◆ **Activity**: Please transcribe the data below in full. Omit any picture you find in it.

◆ **Dataset extract**:
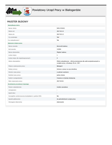Powiatowy Urząd Pracy w Białogardzie MAJSTER BUDOWY Identyfikacja oferty Numer oferty: StPr/17/0152 Ważna od: 2017-02-14 Ważna do: 2017-03-13 Czy zamknięta: Tak* Czy subsydiowana*: Tak Zgłaszane miejsce pracy Nazwa zawodu: Kierownik budowy Kod zawodu: 132301 Nazwa stanowiska: Majster budowy Liczba miejsc: 1 Liczba miejsc dla niepełnosprawnych: 0 Zakres obowiązków: Oferta subsydiowana - oferta przeznaczona dla osób zarejestrowanych w urzędzie pracy. refundacja 30 art. 150 f Miejsce wykonywania pracy: Białogard Rodzaj umowy: Umowa o pracę na czas określony Wymiar czasu pracy: w pełnym wymiarze Rozkład czasu pracy: jedna zmiana System wynagradzania: Czasowy ze stawką miesięczną Data rozpoczęcia pracy: 2017-04-01 Oczekiwania pracodawcy krajowego Poziom wykształcenia: średnie zawodowe Umiejętności: - Języki obce: - Szczególnie zainteresowany kandydatami z państw EOG: Nie Sposób aplikowania: Za pośrednictwem urzędu pracy Wymagane dokumenty: skierowanie
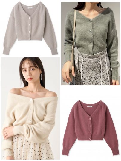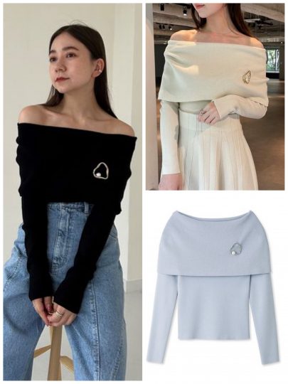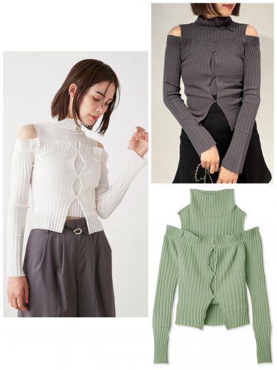 ハイネックのノースリトップス+オフショルカーデのセットは、重ねて着ると肩がチラ見えするデザイン。タイトなサイジングやクロップド丈が今年らしい。
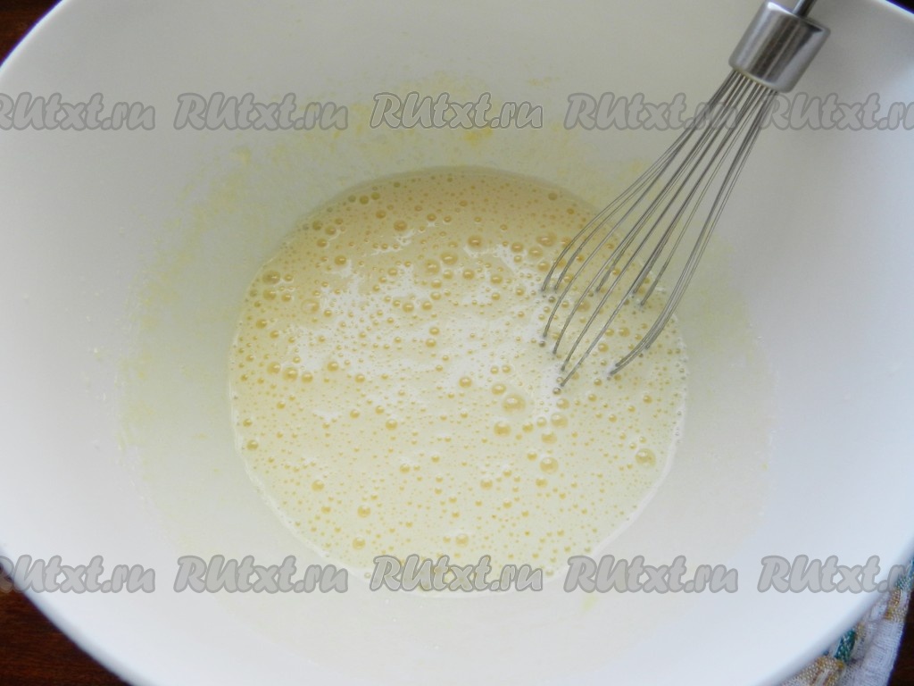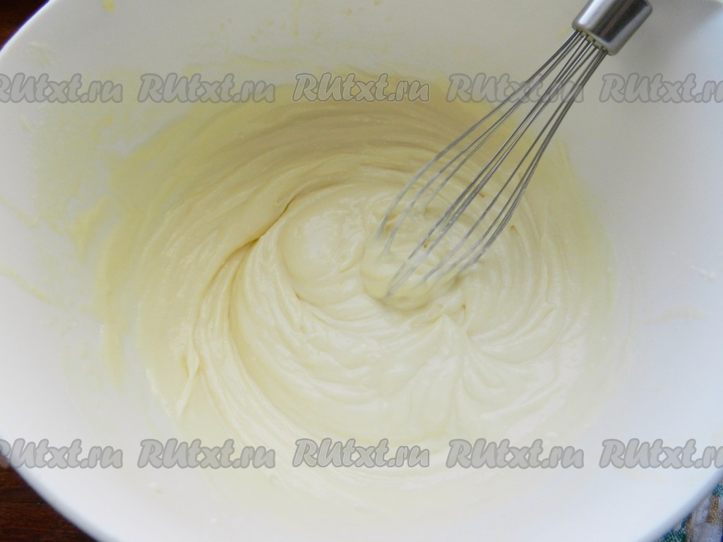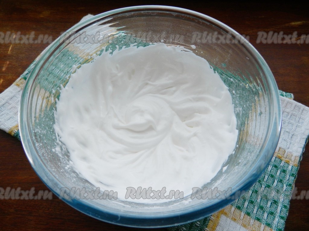 Для приготовления глазури яичный белок взбить с сахарной пудрой и лимонным соком до устойчивых пиков.

◆ **Reply**:
Powiatowy Urząd Pracy w Białogardzie MAJSTER BUDOWY Identyfikacja oferty Numer oferty: StPr/17/0152 Ważna od: 2017-02-14 Ważna do: 2017-03-13 Czy zamknięta: Tak* Czy subsydiowana*: Tak Zgłaszane miejsce pracy Nazwa zawodu: Kierownik budowy Kod zawodu: 132301 Nazwa stanowiska: Majster budowy Liczba miejsc: 1 Liczba miejsc dla niepełnosprawnych: 0 Zakres obowiązków: Oferta subsydiowana - oferta przeznaczona dla osób zarejestrowanych w urzędzie pracy. refundacja 30 art. 150 f Miejsce wykonywania pracy: Białogard Rodzaj umowy: Umowa o pracę na czas określony Wymiar czasu pracy: w pełnym wymiarze Rozkład czasu pracy: jedna zmiana System wynagradzania: Czasowy ze stawką miesięczną Data rozpoczęcia pracy: 2017-04-01 Oczekiwania pracodawcy krajowego Poziom wykształcenia: średnie zawodowe Umiejętności: - Języki obce: - Szczególnie zainteresowany kandydatami z państw EOG: Nie Sposób aplikowania: Za pośrednictwem urzędu pracy Wymagane dokumenty: skierowanie
 ハイネックのノースリトップス+オフショルカーデのセットは、重ねて着ると肩がチラ見えするデザイン。タイトなサイジングやクロップド丈が今年らしい。
 Для приготовления глазури яичный белок взбить с сахарной пудрой и лимонным соком до устойчивых пиков.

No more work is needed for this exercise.